What are the lines from the one with "يکي از ناوهاي" through the end of the records below, written out exactly and without the pictures?

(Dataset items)
--- START ---
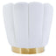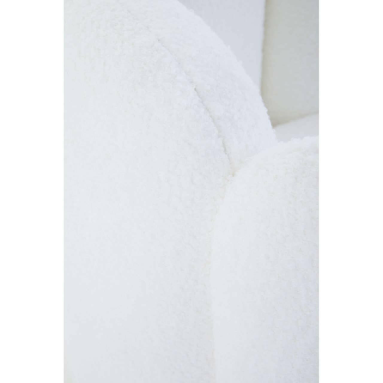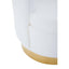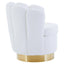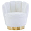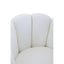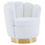 Upholstered in off white teddy fabric, this chair updates a modern statement with scalloped seashell edges and vertical channel tufting. The seat in sumptuous padding and faux fur accent is supported by stainless steel base in a luxe gold finish.
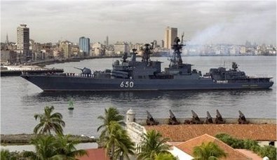 يکي از ناوهاي روسيه در بندر هاوانا در 22 دسامبر 2008
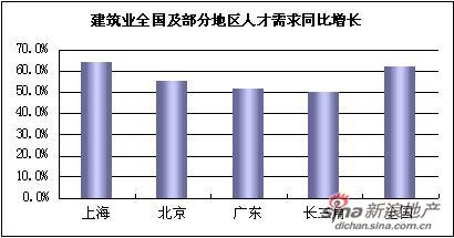 2009年我國(guó)經(jīng)濟(jì)恢復(fù)較快,為2010年的發(fā)展奠定了良好基礎(chǔ),所以今年上半年的人才需求增長(zhǎng)并不是特別明顯,下半年部分城市人才需求將會(huì)呈現(xiàn)“井噴”狀態(tài)。據(jù)建筑英才網(wǎng)數(shù)據(jù)顯示,建筑業(yè)上半年全國(guó)范圍內(nèi)人才需求同比增長(zhǎng)61%,其中以一線(xiàn)城市人才需求最大,長(zhǎng)三角區(qū)的人才需求增長(zhǎng)最快。一線(xiàn)城市人才需求量最大的城市為上海,同比增長(zhǎng)64.4%,其次是北京、廣東地區(qū),同比增長(zhǎng)55.1%和51.3%。截至6月底,長(zhǎng)三角地區(qū)二線(xiàn)城市蘇州、杭州、南京、寧波等城市人才需求同比增長(zhǎng)50%,諸多新項(xiàng)目的上馬帶來(lái)了人才供不應(yīng)求的局面。
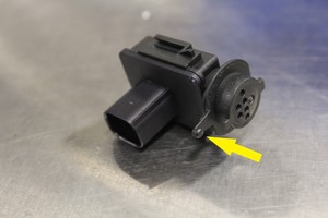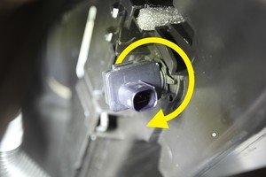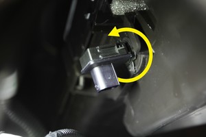 - Soulevez la languette de verrouillage et faites pivoter le capteur de qualité de l’air dans le sens antihoraire, puis retirez le capteur du véhicule.
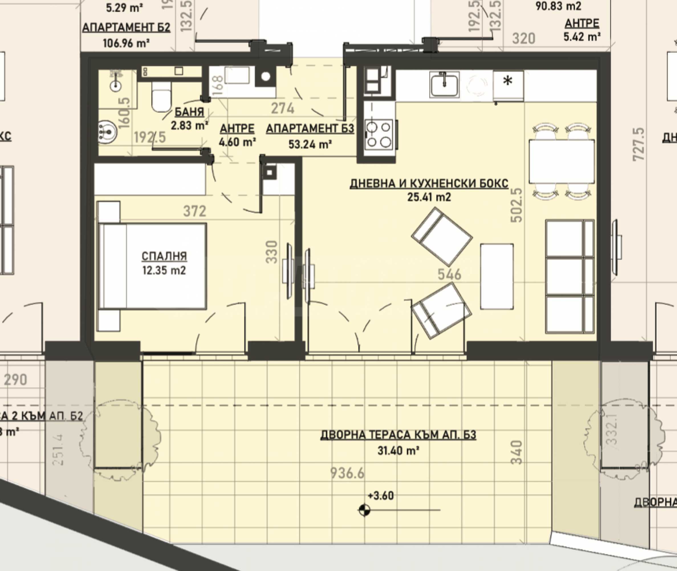 Просторная квартира расположена на первом этаже в корпусе B и имеет общую площадь 60,33 кв. метров., полезную площадь 53,24 кв. метров., а также собственный дворик площадью 31,40 кв. метров. Окна выходят на юг. Квартира предлагается в состоянии отделки, соответствующем болгарским стандартам, с газовым отоплением с подогревом пола и подключением для кондиционеров. Она состоит из прихожей, ванной комнаты/туалета, гостиной с кухней и обеденной зоной, одной спальни, террасы во дворике с выходом из обеих комнат.
--- END ---
# Exercise solution:
 يکي از ناوهاي روسيه در بندر هاوانا در 22 دسامبر 2008
 2009年我國(guó)經(jīng)濟(jì)恢復(fù)較快,為2010年的發(fā)展奠定了良好基礎(chǔ),所以今年上半年的人才需求增長(zhǎng)并不是特別明顯,下半年部分城市人才需求將會(huì)呈現(xiàn)“井噴”狀態(tài)。據(jù)建筑英才網(wǎng)數(shù)據(jù)顯示,建筑業(yè)上半年全國(guó)范圍內(nèi)人才需求同比增長(zhǎng)61%,其中以一線(xiàn)城市人才需求最大,長(zhǎng)三角區(qū)的人才需求增長(zhǎng)最快。一線(xiàn)城市人才需求量最大的城市為上海,同比增長(zhǎng)64.4%,其次是北京、廣東地區(qū),同比增長(zhǎng)55.1%和51.3%。截至6月底,長(zhǎng)三角地區(qū)二線(xiàn)城市蘇州、杭州、南京、寧波等城市人才需求同比增長(zhǎng)50%,諸多新項(xiàng)目的上馬帶來(lái)了人才供不應(yīng)求的局面。
 - Soulevez la languette de verrouillage et faites pivoter le capteur de qualité de l’air dans le sens antihoraire, puis retirez le capteur du véhicule.
 Просторная квартира расположена на первом этаже в корпусе B и имеет общую площадь 60,33 кв. метров., полезную площадь 53,24 кв. метров., а также собственный дворик площадью 31,40 кв. метров. Окна выходят на юг. Квартира предлагается в состоянии отделки, соответствующем болгарским стандартам, с газовым отоплением с подогревом пола и подключением для кондиционеров. Она состоит из прихожей, ванной комнаты/туалета, гостиной с кухней и обеденной зоной, одной спальни, террасы во дворике с выходом из обеих комнат.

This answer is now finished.